When I was growing up, my mother used to drive me and my brother crazy making lists for everything — grocery lists, chore lists, homework lists, lists of lists to keep track of her lists.

So I’m sure she’ll be pleased to see me start off this blog with a list.

Here are Eleven Things That Didn’t Exist on September 11, 2001:

  • Facebook
  • Twitter
  • #hashtags
  • American Idol
  • The TSA
  • Homeland Security
  • iPads
  • iPhones
  • iPods (!)
  • Parents filming sixth-graders on iPads/iPhones/iPods
  • Today’s sixth graders

If you’re an adult, you probably remember exactly where you were on 9/11.

If you’re a sixth grader, you probably weren’t even born yet.

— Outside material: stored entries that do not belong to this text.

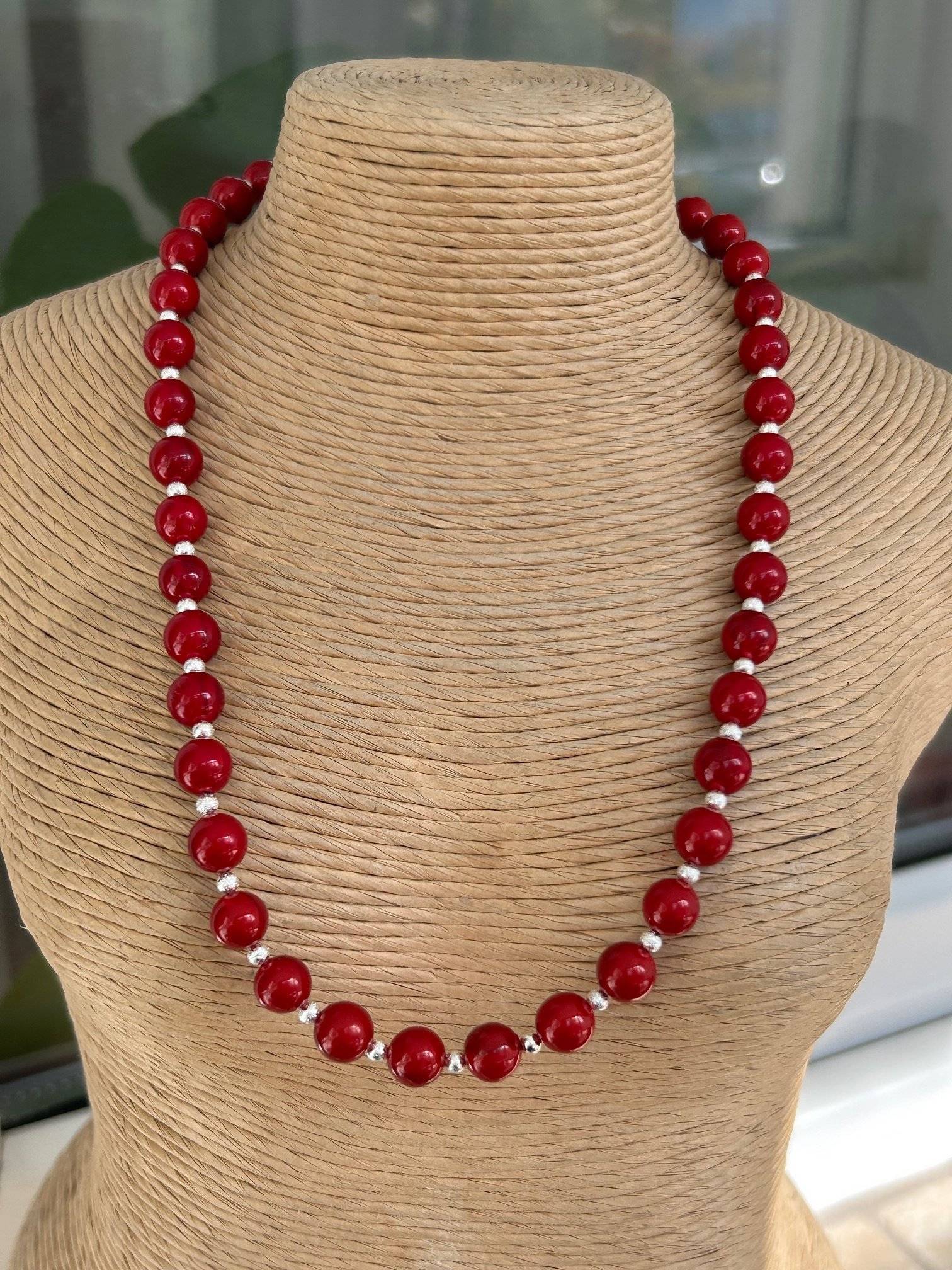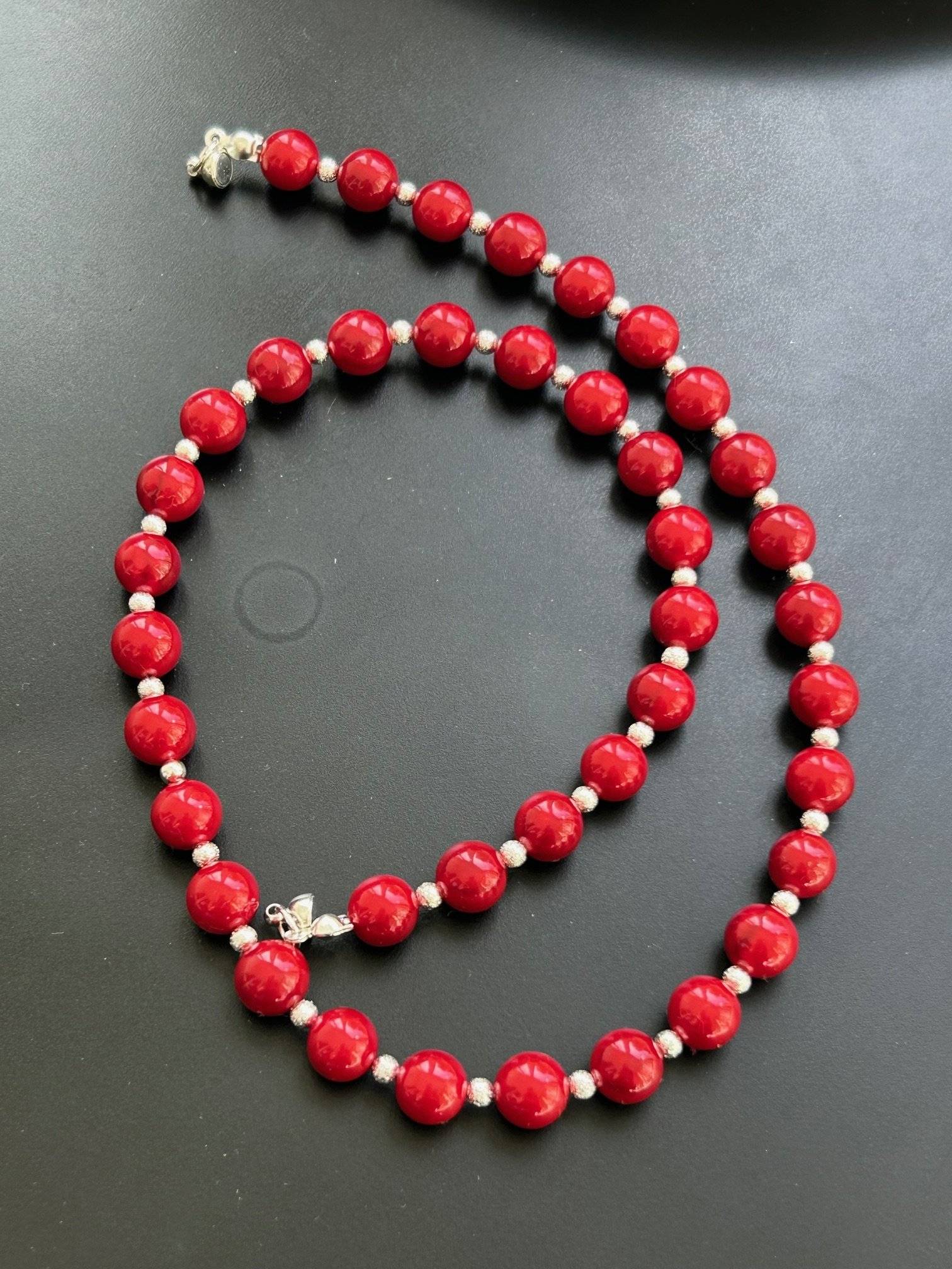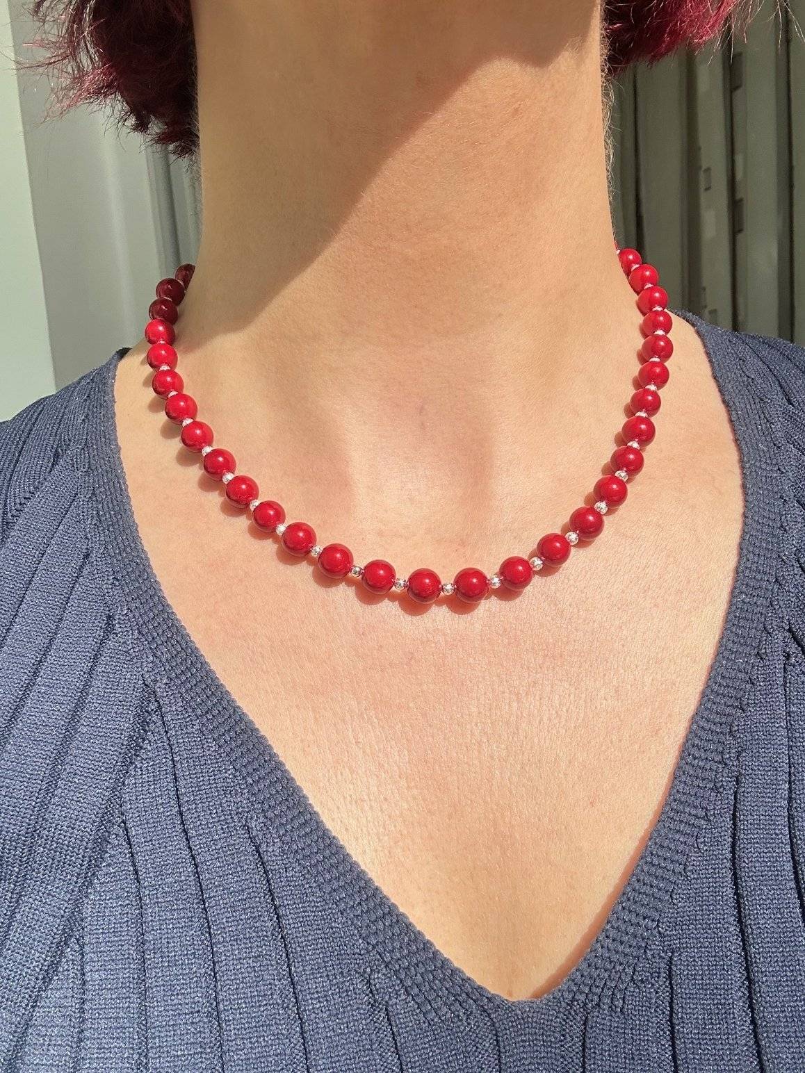 - perlă shell dark red, sfere cu dimensiunea de 8 mm.Lungimea colierului este de cca. 42 cm. Perlele sunt înșirate pe fir oțel siliconat de 0,45 mm grosime, iar închiderea se face cu închizătoare magnetică din aliaj placat cu argint.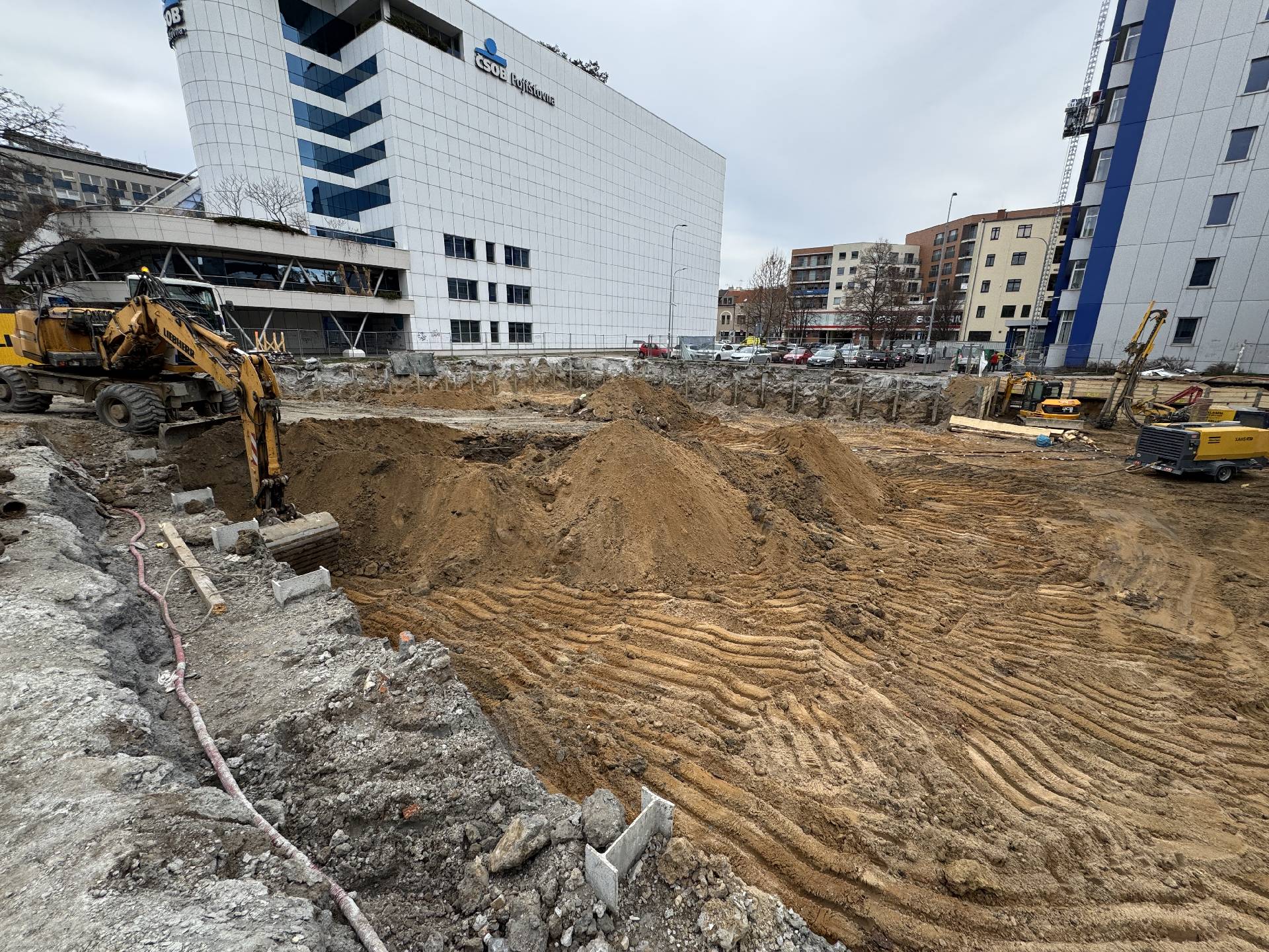 Na stavbě projektu Epiq Pardubice probíhá montáž výdřevy, těžba a odvoz zeminy ze stavební jámy a vrtání s injektáží kotev.
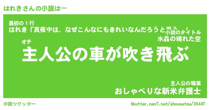 | 男性向けラノベタイトル風あだ名 | 『はれきの憂鬱』 |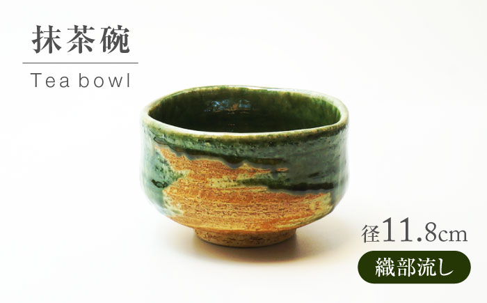 和モダンな、伝統的な織部釉の抹茶碗 【美濃焼】織部流し 抹茶碗【不動窯】食器 うつわ 茶道 [MAR061]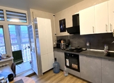 - Кухня полностью укомплектована техникой: холодильник, микроволновка, духовой шкаф, варочная панель, вытяжка и собственный котел — всегда горячая вода и индивидуальное отопление. На окнах кухни установлены жалюзи, которые защищают от яркого утреннего солнца.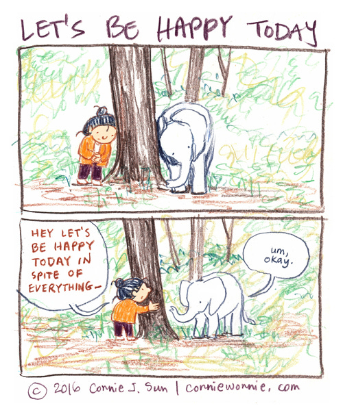 Let's be happy today in spite of everything.
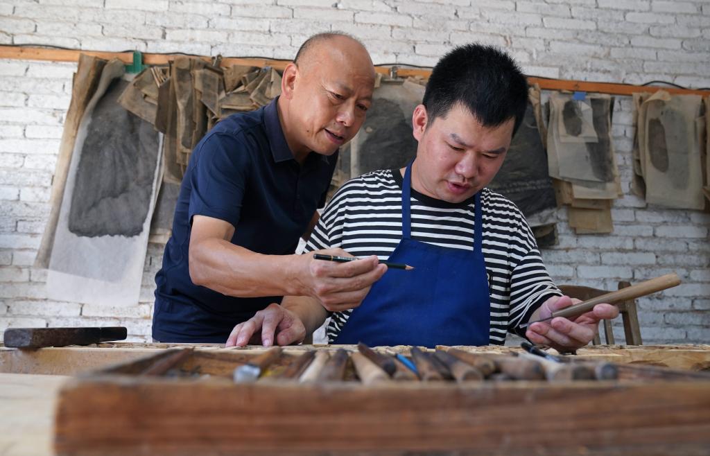 俞友鴻(左)在教授徐家田雕刻技藝(2024年9月20日攝)。新華社記者萬象 攝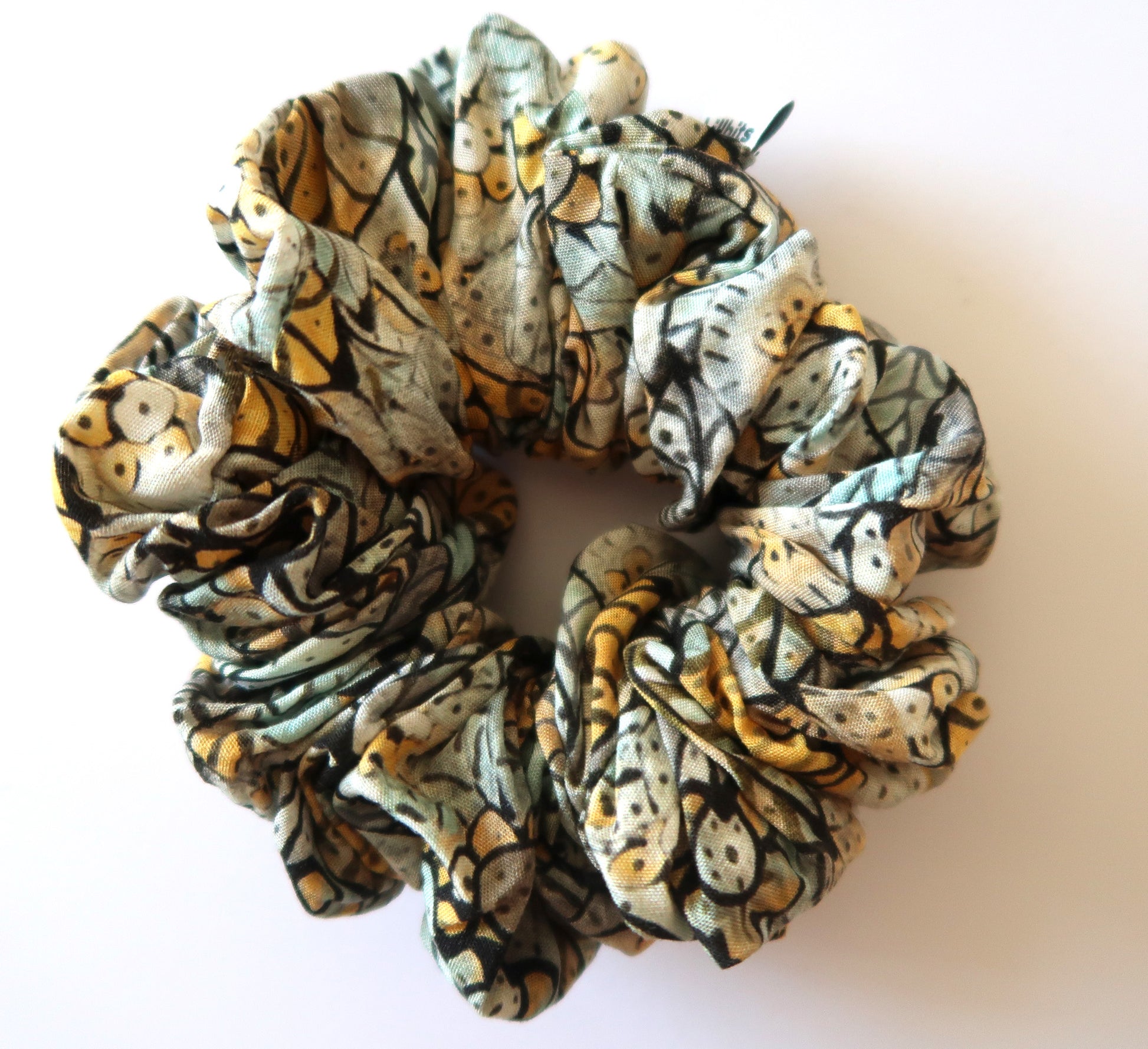 Layla is a pretty leaf print Viscose mix fabric scrunchie available in 4 scrunchie size options: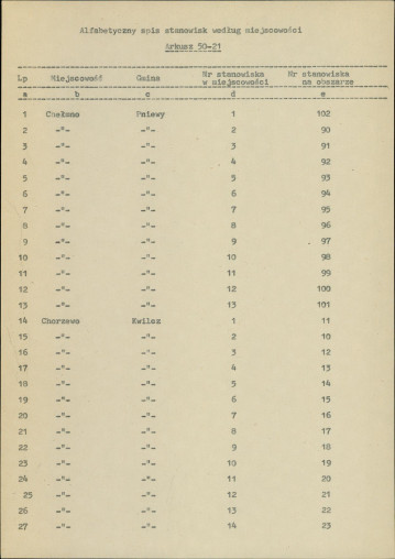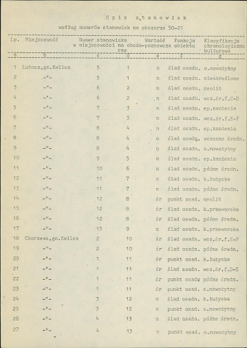 spis stanowisk wg numerów na obszarze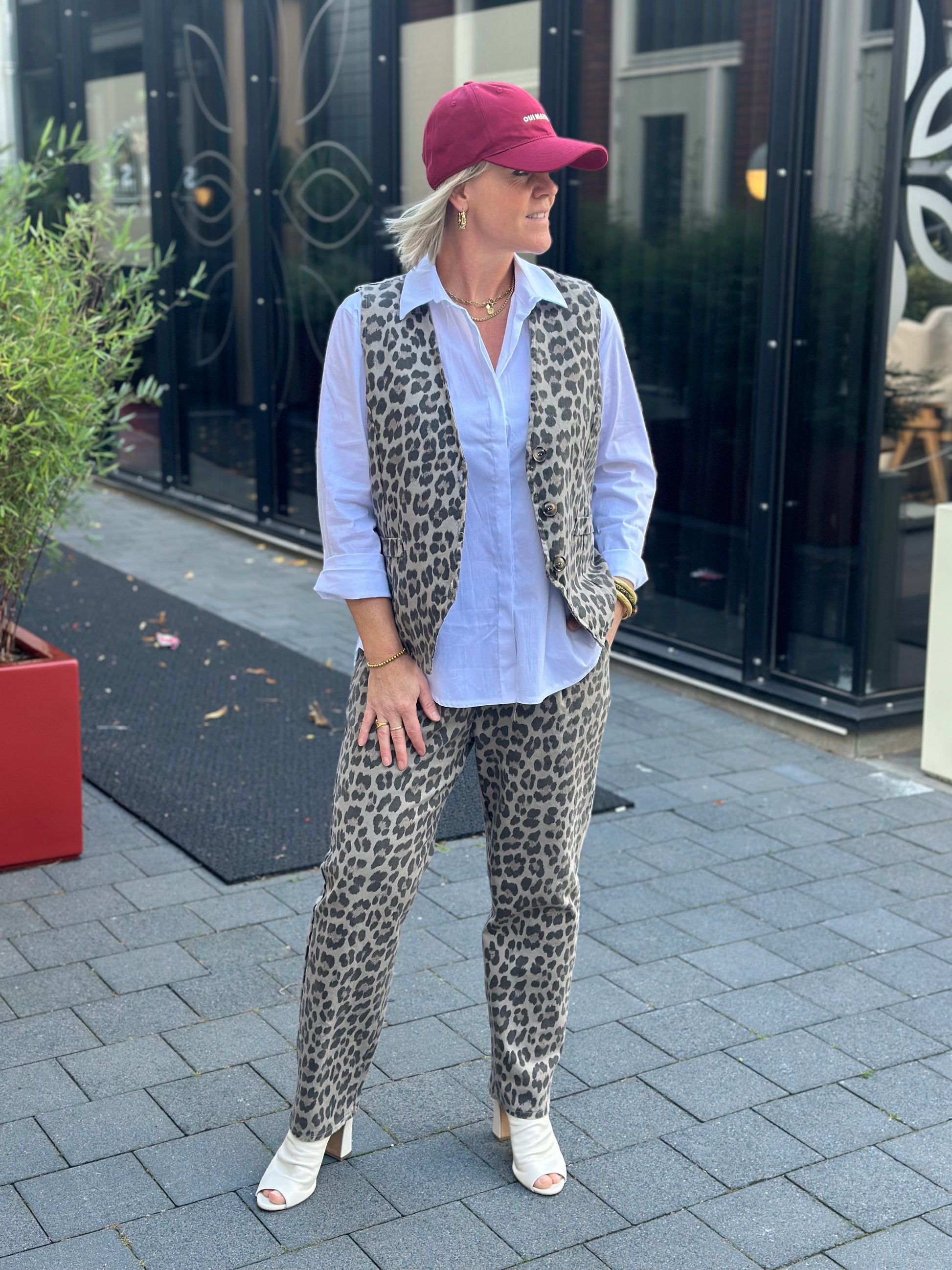 Helemaal hip met dit toffe denim Gillet met Leopard print. Combineer met matching broek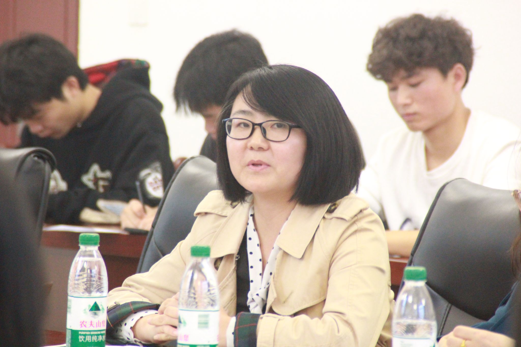 党晓圆院长及祝玮副院长与教师代表们认真记录同学们的每一个问题和建议。党晓圆院长期望,同学们应养成自主学习、终身学习的习惯,学习过程中要学会融汇贯通,要学好专业技能提升自身硬实力,认真学好通识课程,提升语言表达和写作能力,提升自身软实力。学工办主任刘桃针对同学们提出与生活相关的问题进行总体解答,并要求同学们加强对自身学业的重视。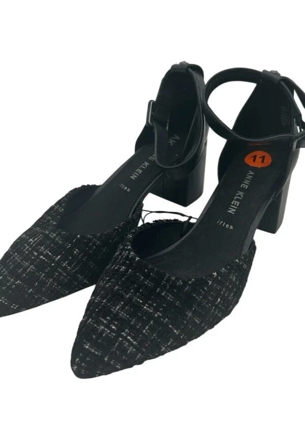 Anne Klein Women's Black Tweed Pointed Toe Ankle Strap Block Heel Pumps Size 11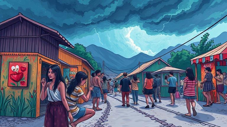 But just as the mural began to replicate the vibrant essence of Eldergrove, dark clouds crept over the festival, shadowing the joyous hearts. Leo’s spirit plummeted as he noticed the storm coming. “We must work quickly!” Raj shouted, urgency creeping into his tone. “We might just finish before it hits!” Panic fluttered uncontrollably, yet Leo reminded them, “We’ve created this together; our creativity will withstand any storm!” Inspired by his words, the team returned to their brushes, and the wind began to howl ominously.

I can still recall the details of that day with startling clarity:  living in Los Angeles, we woke up to news of the disaster on the Today Show.  I remember standing at the foot of the bed, one sock on, staring in disbelief at the footage of airplanes flying into buildings.  There were rumors of more attacks coming on the West Coast; we could see downtown from our house and kept counting the buildings and watching for smoke.  I remember how the normally busy skies grew eerily empty as no more planes were allowed to fly.  A friend gathered a bunch of us together for a quiet dinner that night.  I remember every face at that table.

It’s still so vivid to me that it’s easy to forget that most kids today have no memory of that time.  It’s as remote to them as the Korean War was to me.

Still, if you’re a kid, you’ve probably heard about 9/11, and maybe you want to know a little bit more about it.  What happened that day, and why’s it such a big deal?  Why do adults get quiet when they talk about it?  Was it all bad, or did anything good come out of it?

What was it like to be a kid that day?

That’s why I decided to write this book, eleven, to help young people who weren’t even alive then begin to understand not only the difficult events of that day but also the heroism displayed by ordinary men and women, the kindness shown by strangers to strangers, and what it felt like when this entire country came together as friends and neighbors.

I also wanted a good excuse to write about a dog.  (Radar says hi.  He has promised to take over this blog from time to time but agreed to let me have the first post.  Watch for him hanging out at Radar’s Corner.)

So I’ll be posting regularly here to talk about reading, writing, publishing, dogs, 9/11, dogs, old people, young people, books, teachers, school, our country, our world, and dogs.

Welcome to The Neighborhood.  Stop by anytime.